It may be argued that current platforms for youth resistance in the post-Civil Rights era reflect the greater climate of a misguided acceptance of the notion that “we have arrived”—a notion that is constructed on material conceptualizations of social status based upon the ability to engage in inordinate consumer-based excursions.
More precisely, integration has created a false notion of inclusion, with the perception that Black youth are reaping advantages from this new- found access to opportunity. This frame of reference has had deleterious effects on the need to organize and mobilize the community against a clearly defined enemy. In turn, the youth of today are deemed too afraid to take on the system and instead turn their frustrations towards other ends, a sort of coping mechanism that forces them to retreat within the comfort of living on the periphery of society.
Additionally, the Civil Rights Movement did not secure economic power for many in the Black community. Accordingly, a class divide was created between those with access to education and political capital and those without.
Abject poverty and a dire lack of resources remain a constant. Interestingly enough, youth of today are disproportionally impacted by the inequities of poverty. As a result of the above—a large portion of the youth, today, simply cannot relate to the plight of other Blacks—these are the masses of Black people who live in poverty.
The rise of the media and growing dependency on technology has shifted the resistance strategies utilized by African-American youth. For instance, the protest music of the 60s and 70s evolved into hip-hop, which then shifted into the negativities of “gansta rap” and more recently a market-driven “pop” rap. Due to corporate-controlled media and the proliferation of technological advancements, progressive youth are found in what is called the “underground.”
Today’s youth may not see voting as a tool of resistance.

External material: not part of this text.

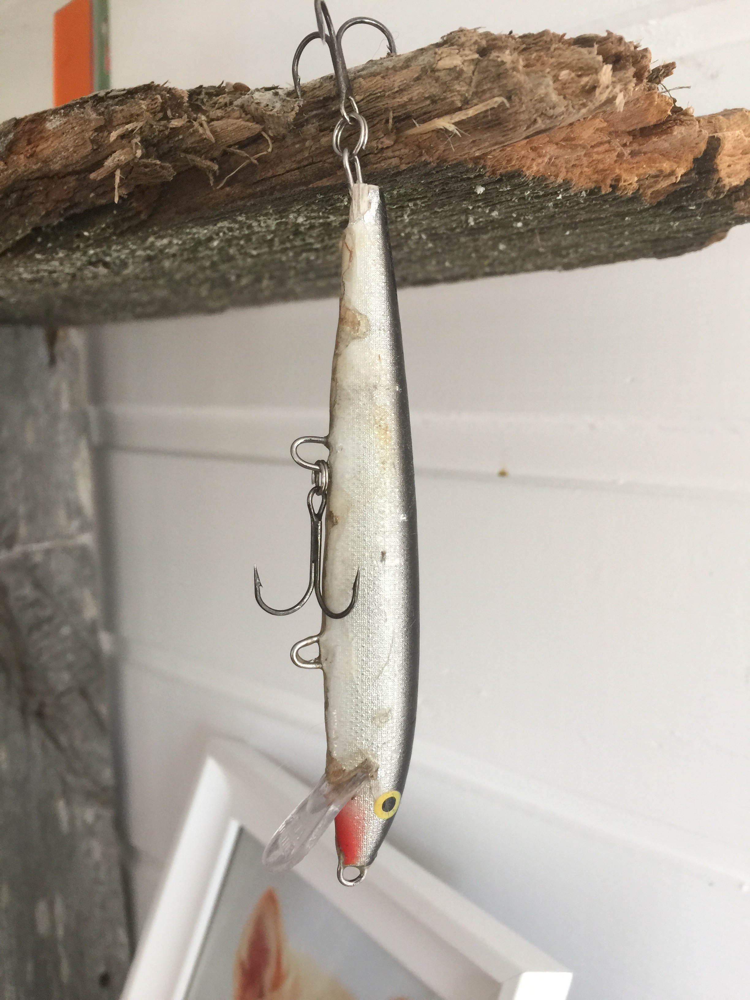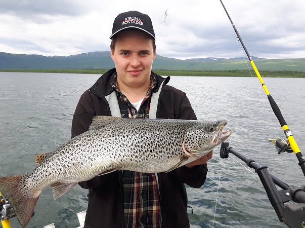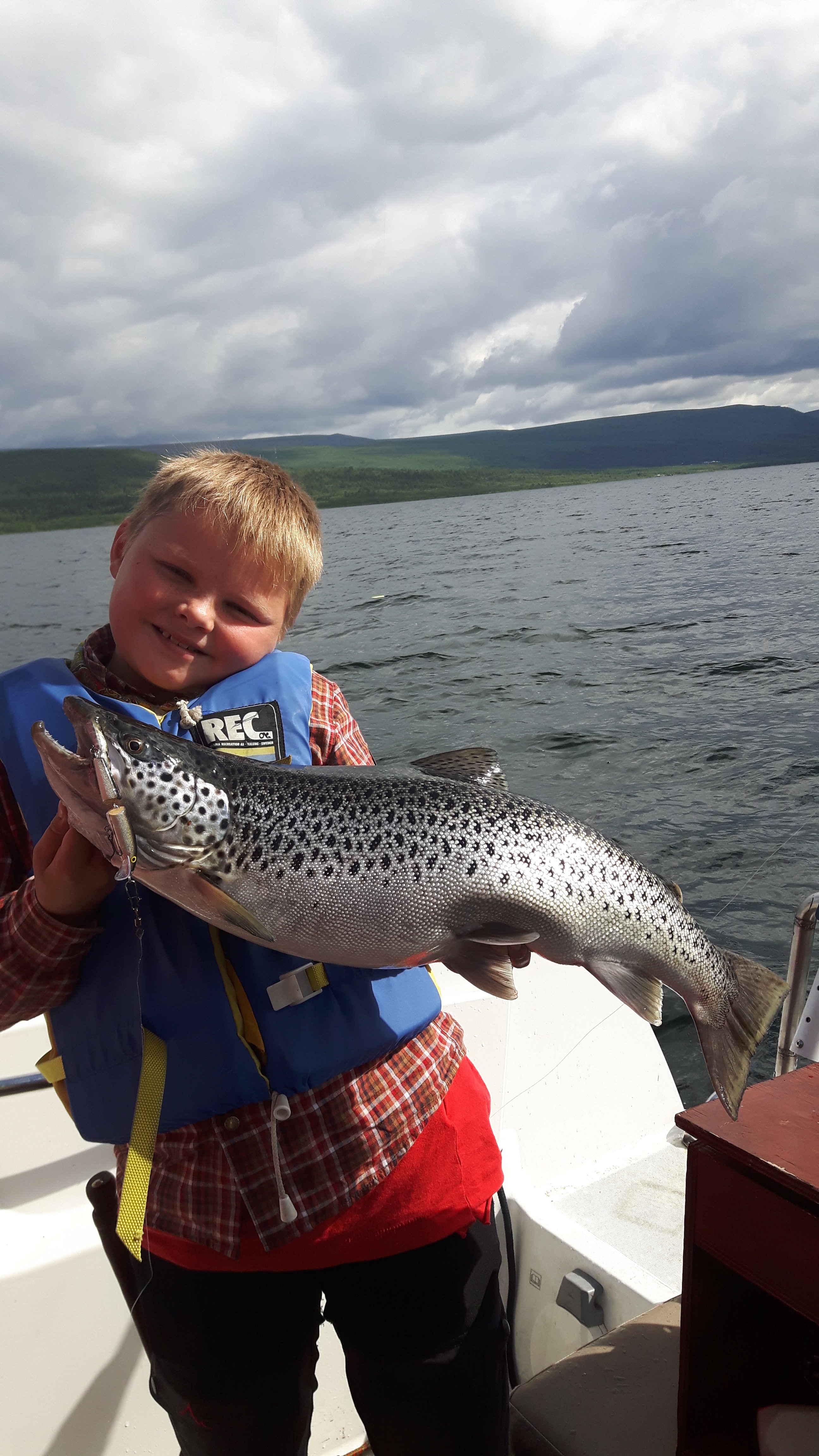 Denna dag var förutsättningarna riktigt bra. Vi startade dagen över ett djupområde. Ekolodet visade inte riktigt det jag ville så jag satte kurs högre upp i sjön. Vi hinner bara köra en kort bit innan det ylar friskt i en av rullarna. Minstingen i besättningen som är 11år får kämpa riktigt hårt. Efter ca 20minuter är både grabben och fisken slutkörd och jag kan sätta en riktigt fet öring i håven. Rapalas RCD digitalvåg visar 4,12kg och Grabben poserar stolt med sitt livs öring! Öringen tog en Scatterrap Jointed 9cm fiskad helt i ytan.
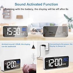 Despertador CHEREEKI - Haz tu vida mejor cada día. Nota: 1. Para un mejor efecto, puede quitar la película protectora cuando se utilice por primera vez. 2. Cómo activar/desactivar la alarma: pulsa el botón "Alarm 1" para activar/desactivar la función 1 y pulsa el botón "Alarm 2" para activar/desactivar la función de alarma 2. (Nota: cada función de alarma se puede activar/desactivar por separado. 3. Mantenga el reloj lejos de fuentes de calor. El reloj no se puede utilizar en entornos de alta temperatura o alta humedad. 4. Si el reloj muestra un código desordenado o una pantalla incorrecta, use un pin y presione el botón "RESET". El reloj vuelve al estado de funcionamiento normal. 5. Apague el interruptor de encendido si no lo usa durante mucho tiempo. Contenido del paquete: 1 x Reloj despertador digital LED Chereeki 1 x cable USB (sin adaptador). 1 x Manual del usuario

Many question whether it is worthwhile. Their logic finds root in the notion that voting in a system that is antagonistic and oppressive to the minorities—especially with youth—can be counter-productive. While many suggest that the logic for voting is located in the fact that Black people have not adequately been at the tables of power, voting for inclusion becomes essential. However, the counter-argument is that once we get there, we lose sight of the goal, mission and vision of what got them there in the first place. All of these instances of difference and congruence contribute to the dilemmas as well as potential power of youth activism.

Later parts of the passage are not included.